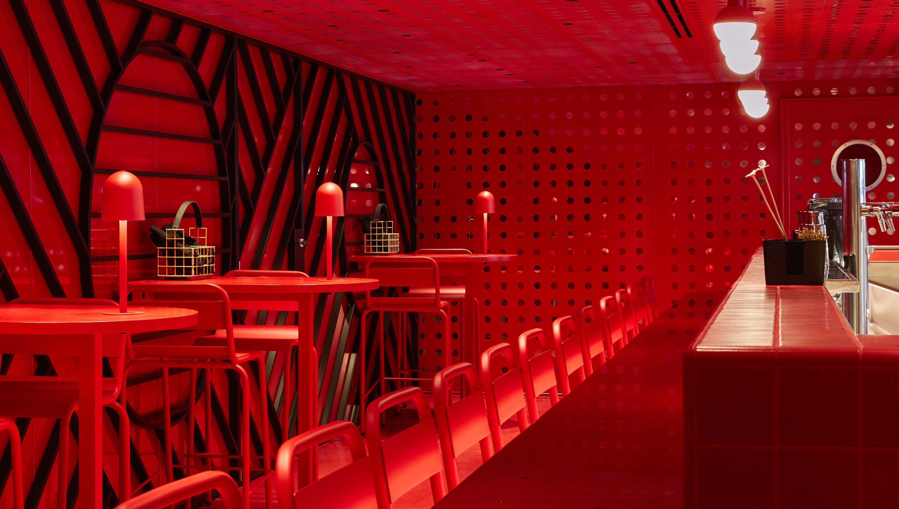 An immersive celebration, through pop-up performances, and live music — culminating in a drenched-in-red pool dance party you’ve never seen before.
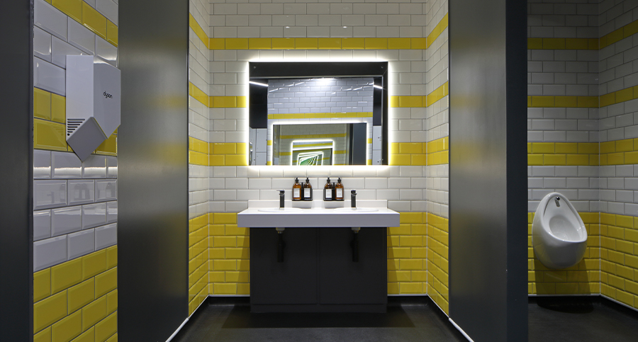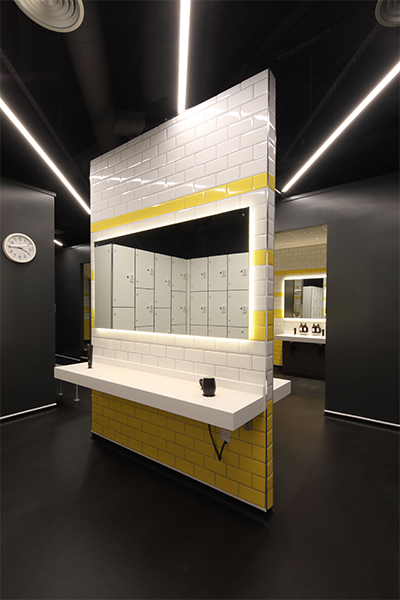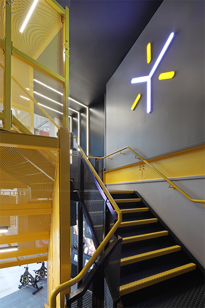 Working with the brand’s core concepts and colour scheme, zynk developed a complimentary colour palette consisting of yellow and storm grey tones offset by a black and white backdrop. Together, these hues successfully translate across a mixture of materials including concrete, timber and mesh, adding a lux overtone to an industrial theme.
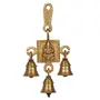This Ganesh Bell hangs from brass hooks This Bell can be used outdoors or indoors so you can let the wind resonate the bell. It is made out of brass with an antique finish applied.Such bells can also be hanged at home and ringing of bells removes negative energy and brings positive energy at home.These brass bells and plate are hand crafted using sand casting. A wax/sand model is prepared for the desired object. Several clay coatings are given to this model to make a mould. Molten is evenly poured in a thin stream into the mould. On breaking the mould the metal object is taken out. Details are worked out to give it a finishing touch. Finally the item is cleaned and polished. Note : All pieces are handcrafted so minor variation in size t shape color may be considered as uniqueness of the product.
§
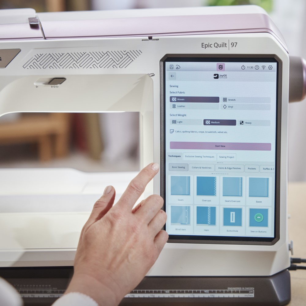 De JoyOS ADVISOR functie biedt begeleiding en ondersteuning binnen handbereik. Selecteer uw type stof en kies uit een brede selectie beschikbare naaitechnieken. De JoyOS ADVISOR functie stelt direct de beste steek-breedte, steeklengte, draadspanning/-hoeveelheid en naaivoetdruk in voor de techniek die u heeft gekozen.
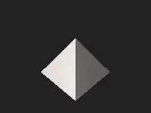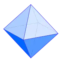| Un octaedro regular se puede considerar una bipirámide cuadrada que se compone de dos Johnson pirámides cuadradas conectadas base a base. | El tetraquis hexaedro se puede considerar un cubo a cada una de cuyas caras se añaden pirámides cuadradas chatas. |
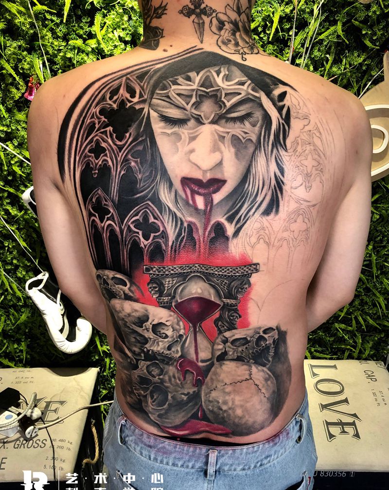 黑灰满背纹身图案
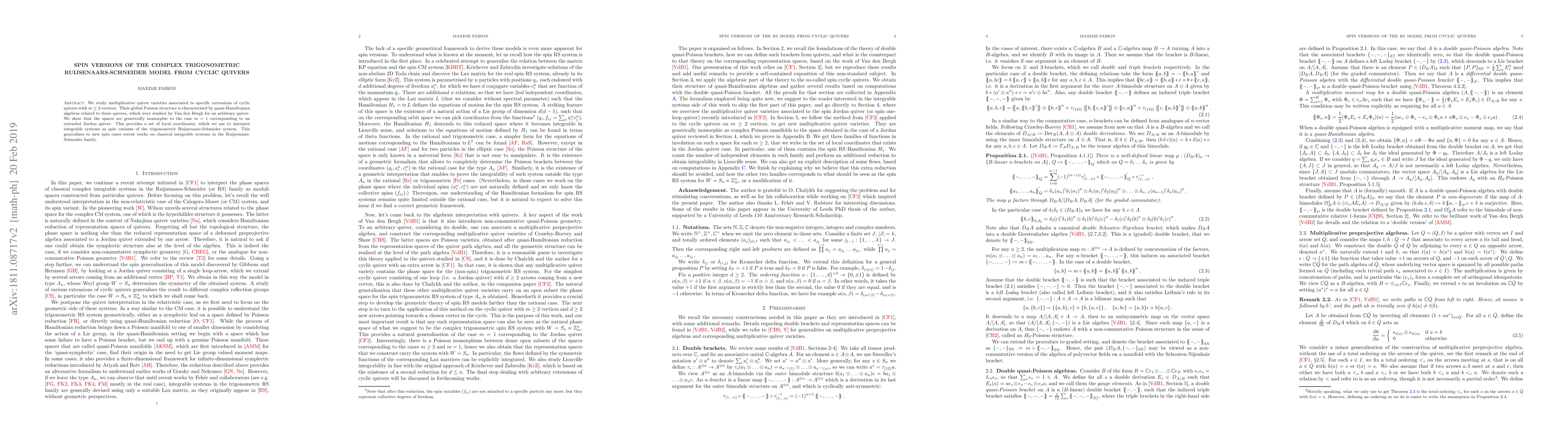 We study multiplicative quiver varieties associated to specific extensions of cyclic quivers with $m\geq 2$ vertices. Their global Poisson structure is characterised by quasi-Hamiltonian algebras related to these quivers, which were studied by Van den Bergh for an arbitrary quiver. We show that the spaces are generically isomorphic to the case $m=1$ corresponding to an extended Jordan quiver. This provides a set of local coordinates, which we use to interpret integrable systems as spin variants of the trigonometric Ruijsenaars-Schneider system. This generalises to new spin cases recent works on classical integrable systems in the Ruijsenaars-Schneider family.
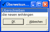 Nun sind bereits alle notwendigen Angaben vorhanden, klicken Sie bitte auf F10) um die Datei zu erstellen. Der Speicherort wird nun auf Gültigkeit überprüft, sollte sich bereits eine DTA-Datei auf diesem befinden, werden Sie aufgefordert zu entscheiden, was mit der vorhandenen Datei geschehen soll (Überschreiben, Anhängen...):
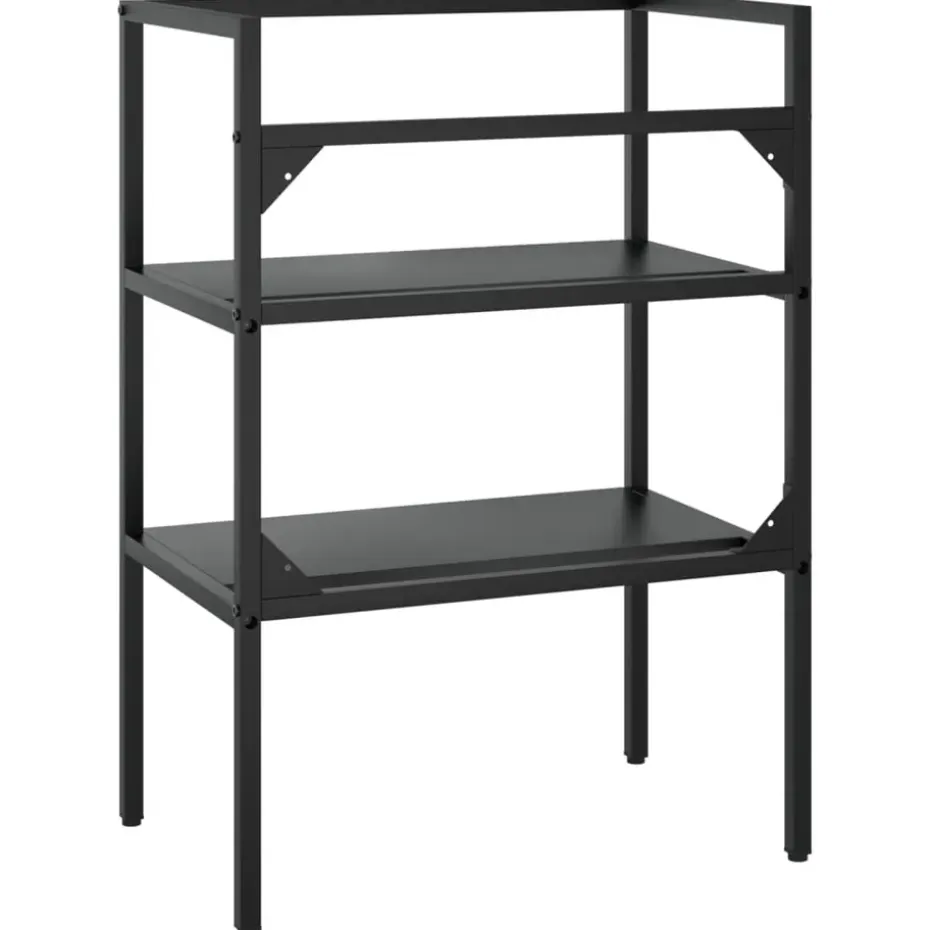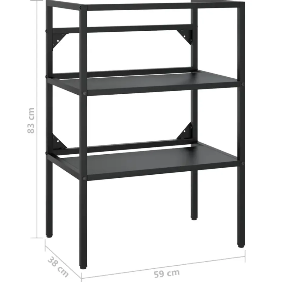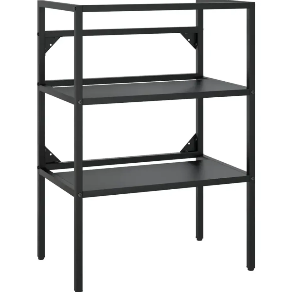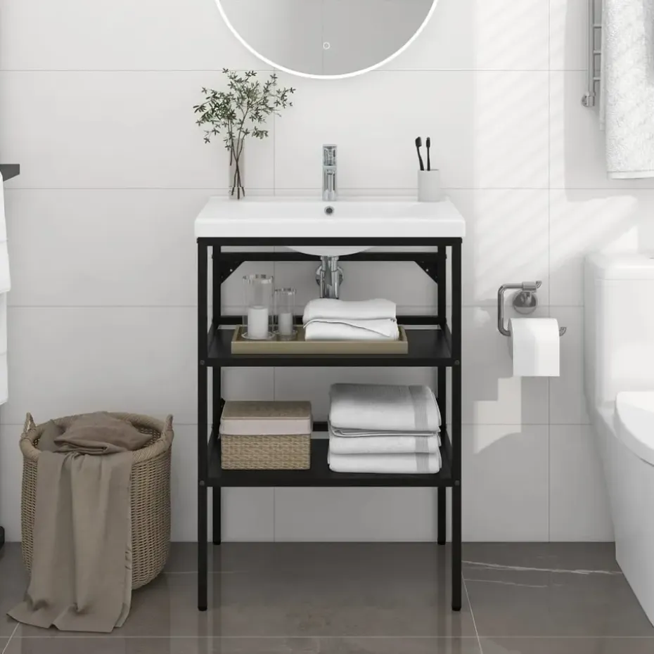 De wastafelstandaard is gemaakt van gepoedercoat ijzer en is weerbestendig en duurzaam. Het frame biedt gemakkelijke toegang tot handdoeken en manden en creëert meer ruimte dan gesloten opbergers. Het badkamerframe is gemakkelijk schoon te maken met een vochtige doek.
§
With pictures excluded, reproduce exactly the lines above from the one containing "An immersive celebration, through" down to the one containing "Working with the", those two included.

 An immersive celebration, through pop-up performances, and live music — culminating in a drenched-in-red pool dance party you’ve never seen before.
 Working with the brand’s core concepts and colour scheme, zynk developed a complimentary colour palette consisting of yellow and storm grey tones offset by a black and white backdrop. Together, these hues successfully translate across a mixture of materials including concrete, timber and mesh, adding a lux overtone to an industrial theme.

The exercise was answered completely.